R5(config-if)#no shut

R5(config-if)#exit

R5#sh ip int br

FastEthernet0/0 192.168.5.5 YES manual up up

FastEthernet0/1 25.1.1.5 YES manual up up

R5#conf t

R5(config)#router eigrp 100

R5(config-router)#network 25.1.1.5 0.0.0.255

R5(config)#int tunnel 15

R5(config-if)#ip address 10.5.5.5 255.255.255.0

R5(config-if)#tunnel source f0/1

R5(config-if)#tunnel destination 12.1.1.1

R5(config-if)#exit

RIP Configuration on R5

R5(config)#router rip

R5(config-router)#version 2

R5(config-router)#network 192.168.5.5

R5(config-router)#network 10.5.5.0

At the very least, the tunnel source and destination addresses must be specified.

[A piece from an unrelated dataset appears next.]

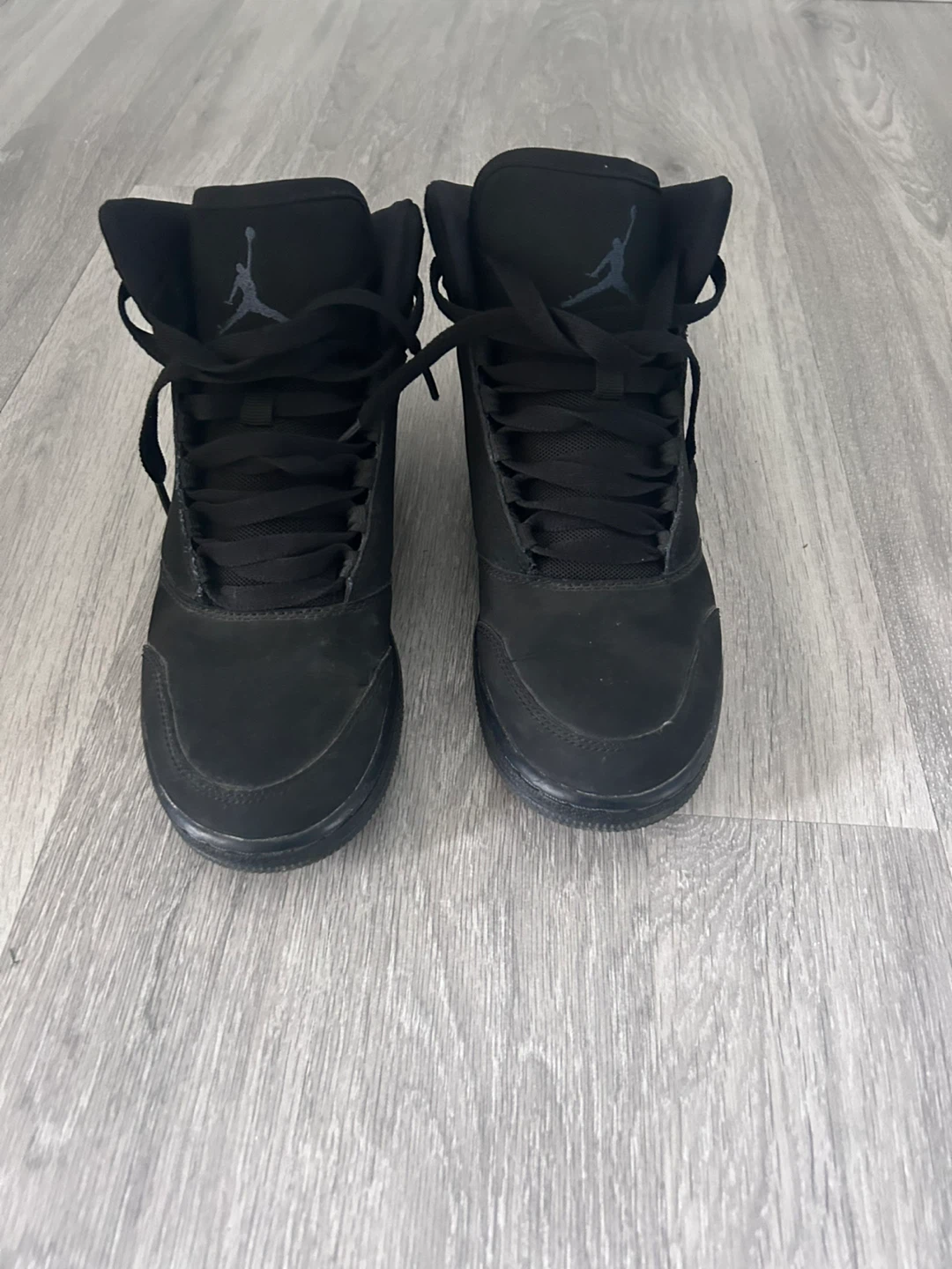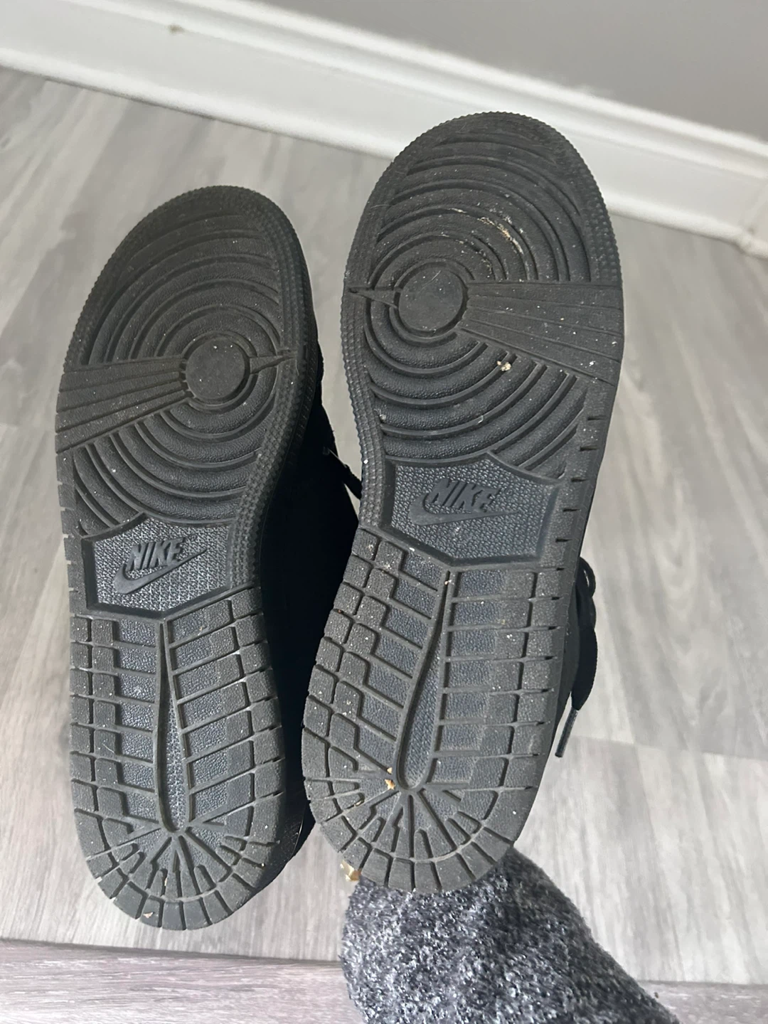 Selling a pair of Nike Air Jordan 1 Mid sneakers in black! They are a youth size 6Y, which is equivalent to a women's size 7.5. These shoes have a classic look and are in good condition, perfect for everyday wear!

Furthermore, the IP subnet must be configured to provide IP connectivity over the tunnel link.

Use the show IP interface command to display GRE tunneling information.

show IP interface.

show IP route.

show IP interface tunnel.

show IP tunnel traffic.

show interface tunnel.

show statistics tunnel.

A Generic Routing Encapsulation tunnel could be used to communicate with a device that is incompatible with your computer. Alternatively, you could use a Generic Routing Encapsulation (GRE) tunnel to ensure that a message reaches its intended recipient despite any protocol issues you suspect exist, even if you are unsure.